R in the formula represents a carbon chain, a benzene ring or a naphthalene ring; the carbon chain, benzene ring or naphthalene ring may have various substituents (for example, alkyl group, halogen group, nitro group, amido group, sulfonic acid group, alkoxy group, carboxyl group or carboxyl ester group, etc.). When the filtrate obtained after the calcium sulfate filtration contains more organic sodium sulfonate, the organic sodium sulfonate can be recovered.
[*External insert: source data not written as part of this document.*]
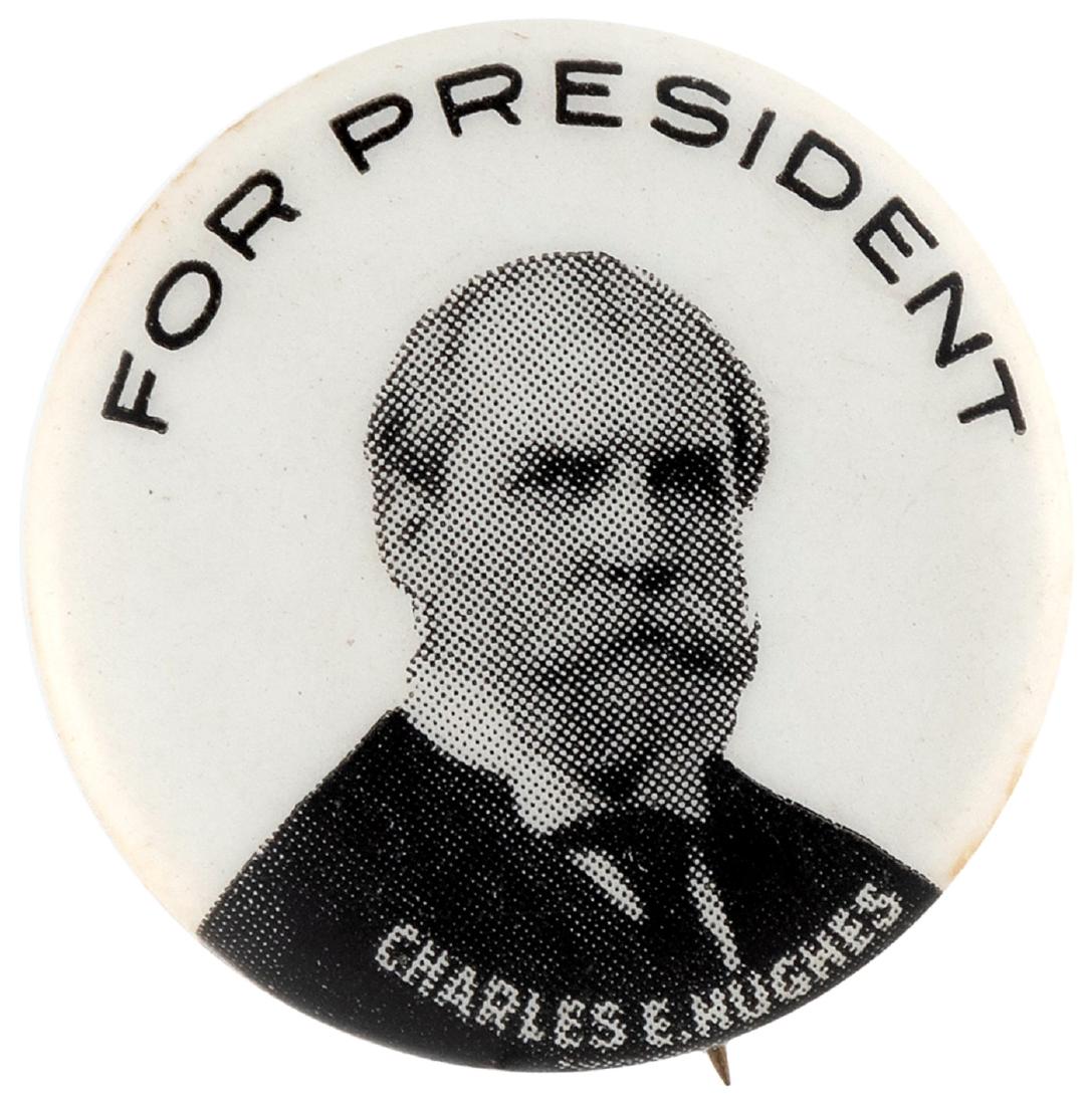"FOR PRESIDENT CHARLES E. HUGHES" PORTRAIT BUTTON.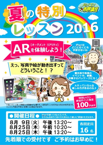 8月開催の夏の特別レッスンの日程を発表いたします。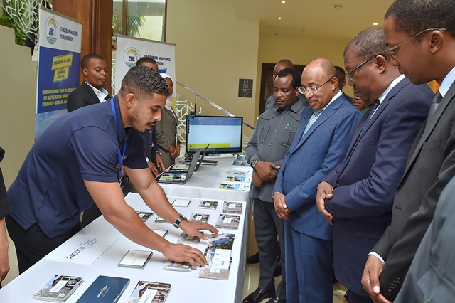 RAIS wa Zanzibar na Mwenyekiti wa Baraza la Mapinduzi Mhe.Dk.Hussein Ali Mwinyi akimsikiliza Afisa Masoko wa Shirika la Nyumba Zanzibar (ZHC)Ndg.Nurdin Hussein Mohamed,wakati akitembelea maonesho katika ukumbi wa Hoteli ya Verde Mtoni Jijini Zanzibar, wakati wa hafla ya Uzinduzi wa Taasisi ya Wasanifu,Wahandisi na Wakadiriaji, uliyofanyika leo 20-4-2024, katika ukumbi wa hoteli hiyo na (kushoto kwa Rais) Katibu Mkuu Wizara ya Ujenzi,Mawasiliano na Uchukuzi Zanzibar Dkt. Mngereza Mzee Miraji na (kulia kwa Rais) Kaimu Mkuu wa Mkoa wa Mjini Magharibi Unguja, Mkuu wa Mkoa wa Kusini Unguja.Mhe.Ayoub Mohammed Mahmoud.(Picha na Ikulu)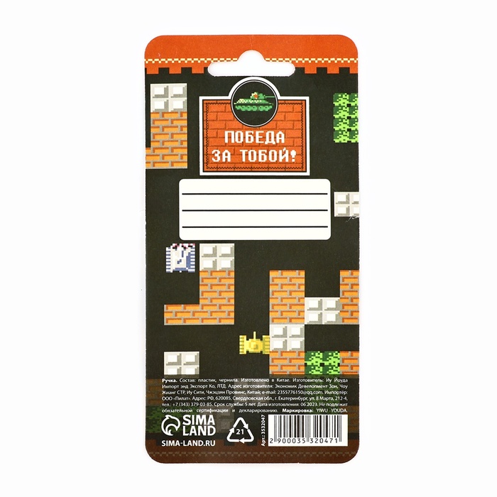 Ручка прикол, гелевая, синяя паста на подложке «Танк: В атаку!» — Характеристики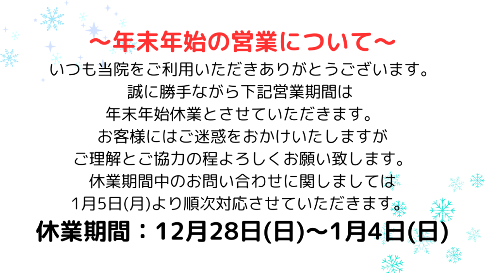 ~年末年始の営業について~ いつも当院をご利用いただき ありがとうございます。 誠に勝手ながら下記営業期間は 年末年始休業 とさせていただきます。 お客様にはご迷惑をおかけいたしますが ご理解とご協力の程よろしくお願い致します。 休業期間中のお問い合わせに関しましては 1月6日(月)より順次対応させていただきます。 休業期間:12月29日(日)~1月5日(日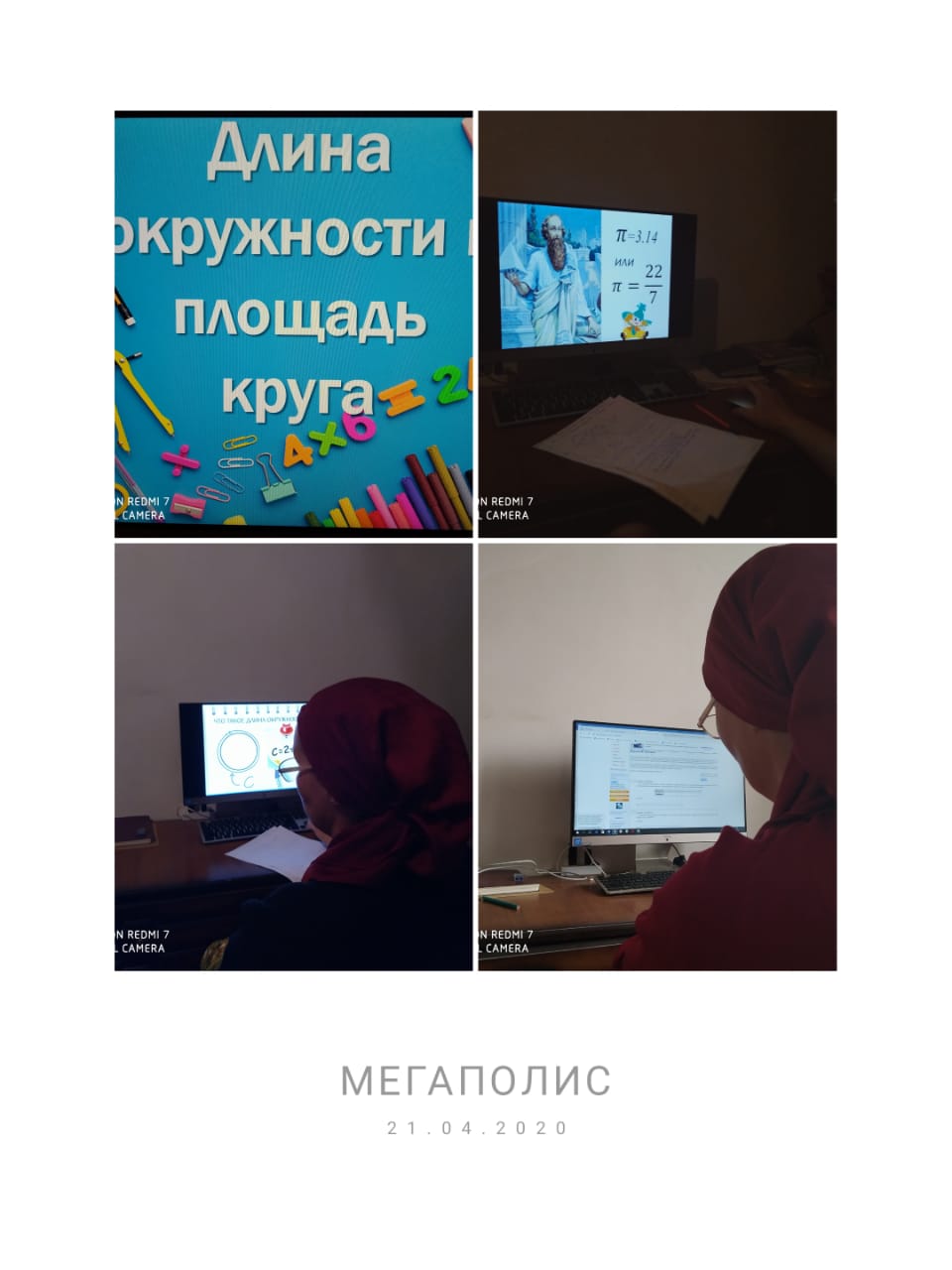 21.04.2020Сегодня, 21 апреля 2020 года, учитель математики Кочорова Светлана Николаевна провела урок в дистанционной форме в 6 классе по теме "Длина окружности и площадь круга".Ребята познакомились с формулами длины окружности, площади круга, с числом пи.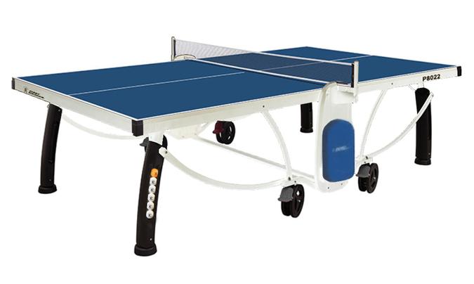 Table de ping pong extérieure Ace Outdoor Match est d'une d'une excellente fabrication. Elle est fabriquée avec un surface de jeu conçue en panneaux composés d'aluminium ACP qui ne rouilleront pas sous la pluie et la neige, ainsi qu'une structure de 15 x 35mm sous la surface, une bâtis sous la table de 25x25mm et 30 x 30mm pour le support des pattes, qui permet une base complète très solide et durable. Ce modèle est munie de pattes pliables, 4 roues dont 2 d’entre-elles peuvent se verrouiller pour être encore plus sécuritaire au rangement en conjonction avec le système de verrouillage de la structure pour jeu solo ou pour position de rangement debout. Ce modèle inclut une section de rangement pour balles intégré dans la patte extérieur et une section de rangement d'accessoires situé dans la section de pattes du milieu de la table.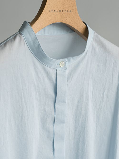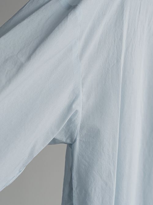 コットンのナチュラルな風合いをそのままに、自然なシワ感が特徴のソフトワッシャー加工を施したブラウス。腰回りの切り替えギャザープリーツが女性らしく、とても柔らかみのある仕上がりです。フロントは比翼となっており、ボタンが見えないことで、スッキリと清潔感のある印象を与えてくれる一着です。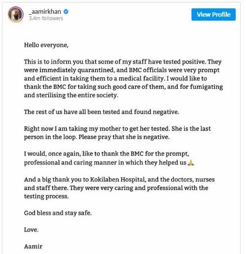 आमिर खानले कर्मचारी पोजेटिभ पाएपछि बीएमसीद्वारा लिइएको एक्सनबारे पनि लेखेका छन् ।

When the sulfuric acid-containing waste liquid reacts with the sodium sulfide aqueous solution prepared by the invention, the residual liquid containing sodium sulfate can be reused for preparing the sodium sulfide aqueous solution with the calcium sulfide aqueous slurry phase reaction after the sodium sulfide hydrogen gas escapes.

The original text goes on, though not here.